So ist es naheliegend, dass die Zahl der angetretenen Erasmus-Stipendien derzeit allerorten stark rückläufig ist, wie die Hochschulen einhellig berichten. Doch nicht alle Studierenden wollen sich von der Corona-Krise ihren bereits bewilligten Auslandsaufenthalt vermiesen lassen. Immerhin haben sie das Bewerbungsprozedere schon vor einem Jahr begonnen, manche haben sich in der Zwischenzeit eine Unterkunft reserviert, und im Lebenslauf macht es sich sowieso gut. Der 26-jährige Pädagogikstudent Jakob hatte lange gehofft, die Endphase seines Masters im malerischen Göteborg zu verbringen, er hat im Vorjahr dafür auch extra einen Schwedischkurs absolviert. Diese Woche hätte sein Semester in Göteborg begonnen, doch daraus wurde nichts, wie ihm die Uni Wien Anfang Jänner – also zwei Wochen im Voraus – endgültig mitteilte.

Fast ganz Europa auf Rot

Die größte Hochschule des Landes hat beschlossen, Erasmus-Aufenthalte ihrer Studierenden für das Sommersemester prinzipiell abzusagen, wenn eine Reisewarnung ab der Stufe 5 für den Zielort gilt. Mittlerweile betrifft das fast ganz Europa, nur Finnland, Norwegen, Island und Griechenland werden vom Außenministerium auf Stufe 4 gestellt. "Wir halten das Sommersemester angesichts der großen Unsicherheiten für nicht geeignet", sagt eine Sprecherin der Uni Wien zum STANDARD. Die Corona-Situation sei zu instabil, zudem gelte es, die Mobilität in der Pandemie einzudämmen. Studierende, die aus dem Ausland nach Wien kommen ("Erasmus incoming"), werden allerdings nicht abgewiesen. Freilich müssten diese dann damit rechnen, in Wien großteils digital zu studieren, erklärt die Sprecherin.
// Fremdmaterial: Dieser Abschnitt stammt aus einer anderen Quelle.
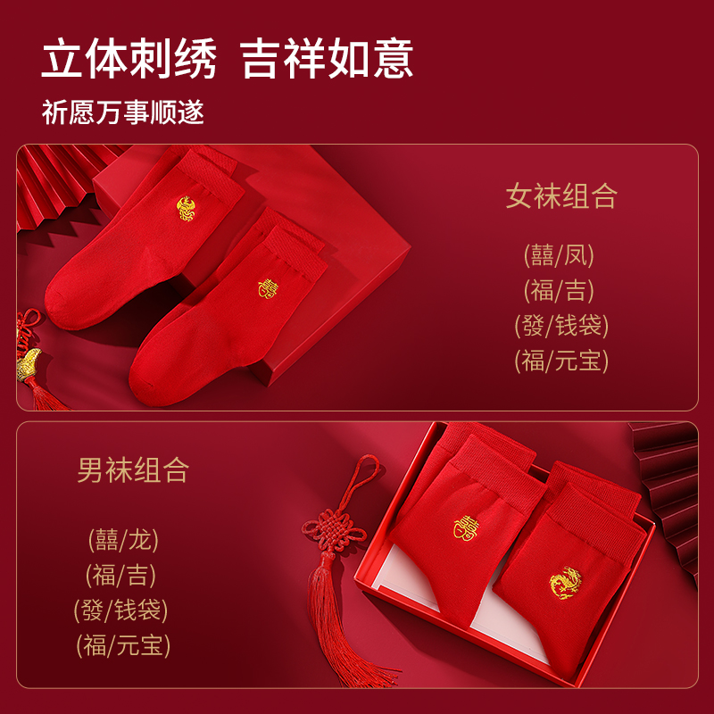 雅黛俪本命年红色袜子男女士情侣刺绣新年结婚喜庆中筒棉袜春秋季
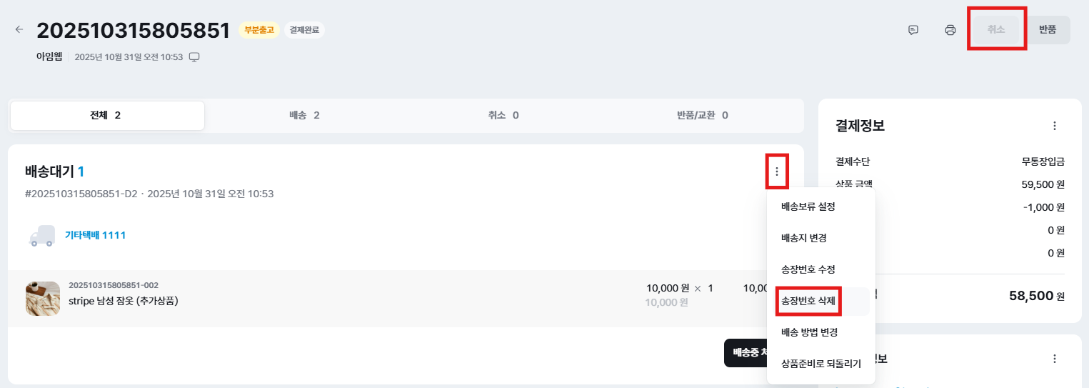 다만, 배송대기 상태더라도 송장번호가 입력되어있으면 취소가 불가합니다. 이때에는 아래와 같이 송장 번호를 삭제 후 접수해 보세요.

EU-Sonderregeln für die Pandemie

Einheitlich von der EU vorgegeben ist diese Linie nicht, heißt es vom Österreichischen Austauschdienst (OeAD), der das europäische Vorzeigeprogramm als nationale Agentur für Österreich abwickelt: "Ob ein Austausch über Erasmus plus möglich ist, hängt von der Entscheidung der beteiligten Hochschulen und des jeweiligen Teilnehmers ab." Allerdings rate man von Aufenthalten in Risikogebieten dringend ab und übernehme "keine Haftung für eventuell dadurch entstandene Schäden", wenn ein Teilnehmer dennoch hinfährt. Allerdings weist der OeAD auch auf eine Sonderregelung der EU-Kommission während der Pandemie hin. Demnach ist es möglich, ein Erasmus-Semester zunächst vom Heimatland aus "virtuell zu beginnen und – wenn möglich – zu einem späteren Zeitpunkt physisch fortzuführen".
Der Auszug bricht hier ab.